Future-House / paper-qa

High accuracy RAG for answering questions from scientific documents with citations
Apache License 2.0
6.44k stars 617 forks source link

JSON Schema #700

Open cclark1e opened 3 days ago

cclark1e commented 3 days ago

Hi all,

Thank you for your excellent work on PaperQA2.

OpenAI provides an option for a JSON schema that the LLM must respond with. (https://openai.com/index/introducing-structured-outputs-in-the-api/)

Is it possible to pass this option through paperQA2 so the final response fits within this schema?

dosubot[bot] commented 3 days ago

Hey @cclark1e, I'm here to help you with any questions or issues you have with PaperQA2. Let's tackle this together!

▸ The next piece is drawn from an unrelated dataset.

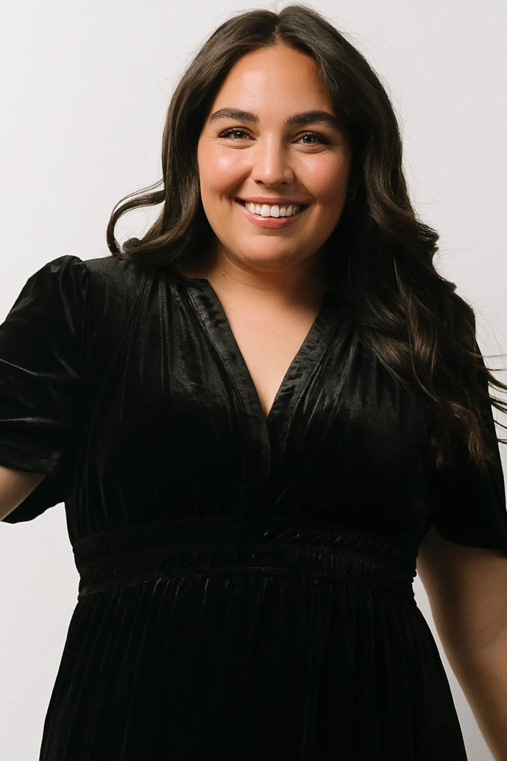 Baltic Born exclusive style!Stunning black colorHigh quality velvet materialPlunging v-necklineShort flutter sleevesE…

I couldn't find a direct configuration option in PaperQA2 to specify a JSON schema for the output format. However, there is a reference in the paperqa/docs.py file indicating an intention to specify a JSON schema when many LLM providers support it. The code attempts to parse JSON from a response, which suggests some level of handling for structured outputs [1].

Additionally, there is a test case in the tests/test_paperqa.py file that demonstrates the use of a JSON schema for structuring outputs. This test uses a JSON format to provide a summary, author name, and relevance score [2].

For more detailed implementation or customization, you might need to modify the code to integrate OpenAI's structured output feature directly.

To continue talking to Dosu, mention @dosu.

jamesbraza commented 2 days ago

Hello @cclark1e when you say "final response", what do you mean? Like the string AnswerResponse.session.answer or formatted_answer follows a certain schema?

Can you give an example schema for what you're thinking?